GM Net Income Rises 49%
General Motors Corp., the world’s largest automaker, said second-quarter profit rose 49% as it boosted income from car loans and from selling vehicles in North America and Asia.
Net income increased to $1.34 billion, or $2.36 a share, from $901 million, or $1.58, a year earlier, the Detroit-based company said. Sales rose 7.1% to $49.1 billion.
A record quarter by GM’s finance businesses accounted for about two-thirds of profit. Automotive earnings rose almost fourfold, helped by lower costs in North America and rising market share in China. The European unit’s loss widened, and Chief Executive Rick Wagoner said the automaker needed more new models and lower costs in the region.

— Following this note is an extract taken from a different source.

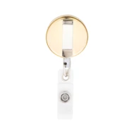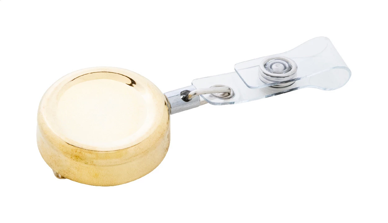 Ekskluzywny metalowy uchwyt na identyfikator z połyskującym metalicznym wykończeniem. Zapinany na zatrzask, z teleskopową linką i metalowym klipsem.

“GM’s automotive profit was a little light in the quarter, and its finance unit picked up the slack,” said Dan Poole, vice president of equity research at Cleveland-based National City Corp., which manages $23 billion, including GM shares.
GM exceeded the average estimate of $2.24 a share from analysts surveyed by Thomson First Call.
The company’s shares fell 25 cents to $43.35 on the New York Stock Exchange.
GM, which is trying to stem U.S. market share losses to Asian carmakers led by Toyota Motor Corp., reiterated its $7-a-share full-year profit target and said it expected to earn 75 cents to $1 a share in the third quarter, excluding some costs and gains.
Automotive profit rose to $529 million from $140 million, with increases in North America and Asia. GM said its market share in the Asia-Pacific region rose to 5.4% from 4.8% a year earlier, as first-half sales in China increased 58%.
Net income from North America, its biggest market, rose to $328 million from $83 million. Most of the improvement was from cost reductions, with help from an increase in prices paid for its cars and trucks, Chief Financial Officer John Devine said. The second quarter of 2003 was the second worst for the region in almost four years.
“While earnings at GM North America improved, overall sales, market share and financial results were below our expectations,” Wagoner said in a statement. In Europe, “we’re not getting the revenue growth that we hoped for.”
In the U.S., GM’s share of car and light-truck sales dropped 1.1 percentage points to 26.7% in the quarter, according to Autodata Corp., as new models such as the Chevrolet Equinox and industry-high incentives failed to boost sales to individuals. The company’s inventory of unsold vehicles rose to a near-record 1.35 million vehicles at the end of June.